Try it: Retype every line of the data below, starting with the first and ending with the line that contains "英国版《一周》讲的是特朗普访", but leave out the pictures.

Data block:
—————
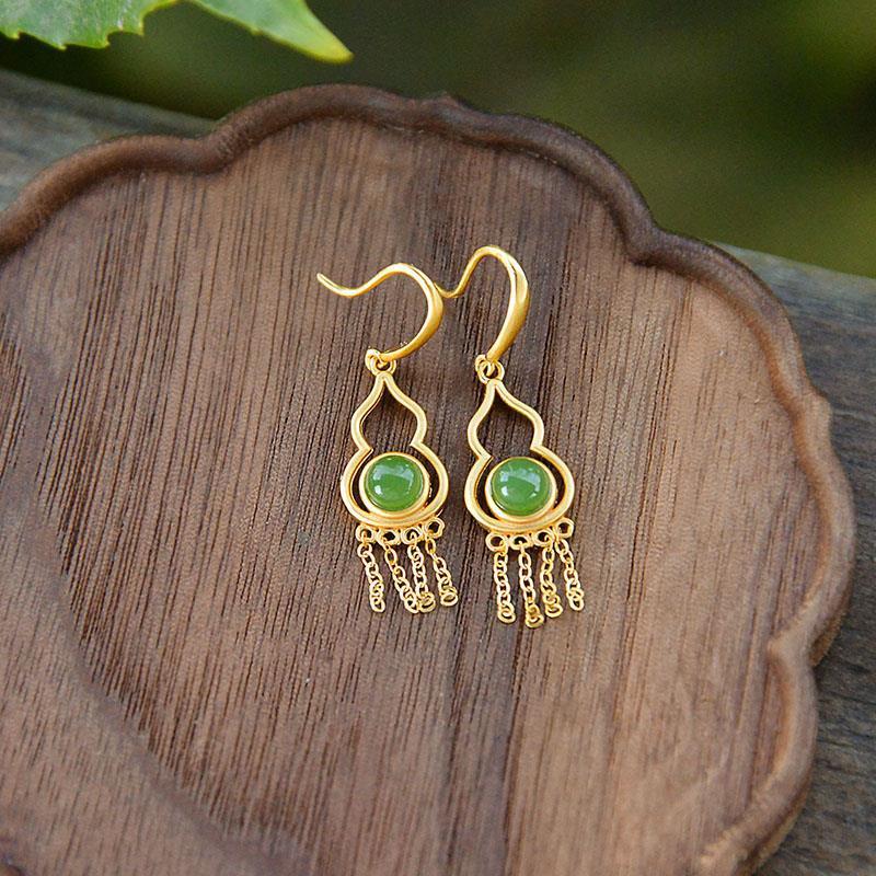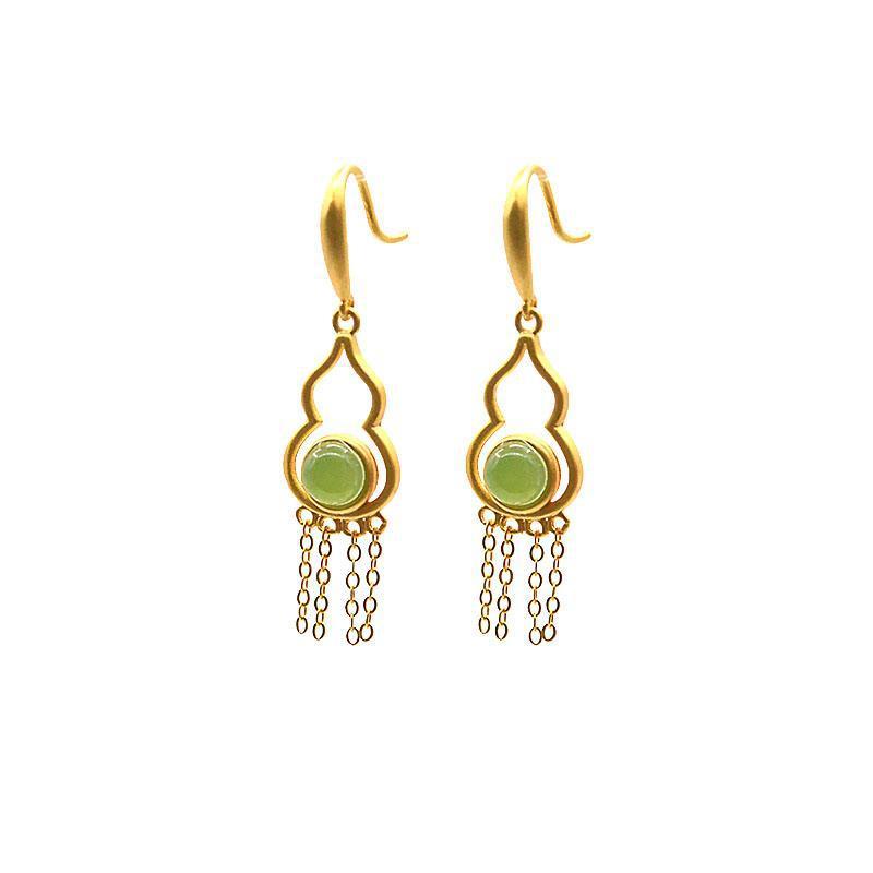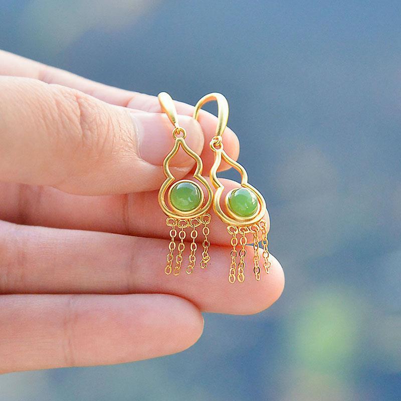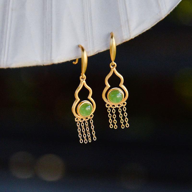 灵乐丨天然和田碧玉小葫芦流苏耳环S925纯银玉石耳坠民族古典耳饰
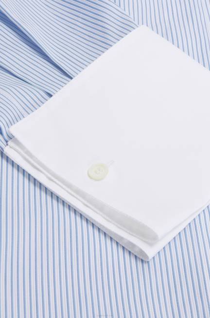 camisa comprida às riscas em popeline de algodão com bainha assimétrica em contraste e punhos franceses.
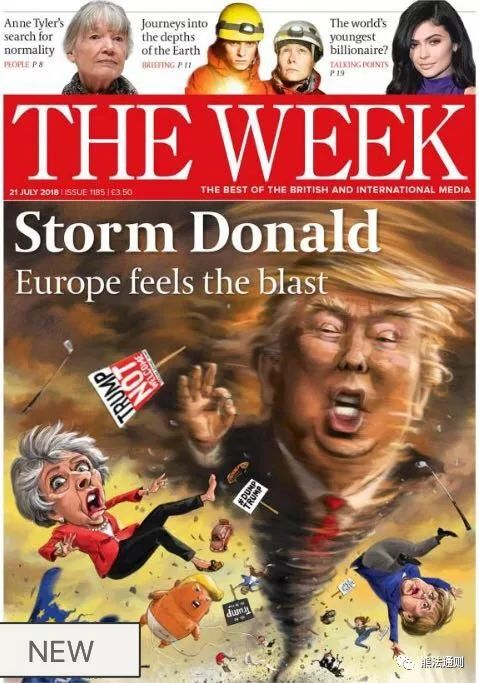 英国版《一周》讲的是特朗普访欧的这阵旋风让欧洲领导人胡乱飞舞——当然还有那个特朗普气球也在天上飞:
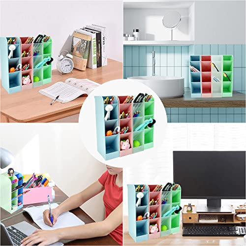 Skytowards 4 Pezzi Portapenne per Scrivania Organizer da Scrivania in Plastica Porta Penne Storage 4 Colori Penna Organizer Portaoggetti 16 Scomparti per Casa, Ufficio e Scuola 20 * 9 * 5CM
—————
Finished task:
 灵乐丨天然和田碧玉小葫芦流苏耳环S925纯银玉石耳坠民族古典耳饰
 camisa comprida às riscas em popeline de algodão com bainha assimétrica em contraste e punhos franceses.
 英国版《一周》讲的是特朗普访欧的这阵旋风让欧洲领导人胡乱飞舞——当然还有那个特朗普气球也在天上飞:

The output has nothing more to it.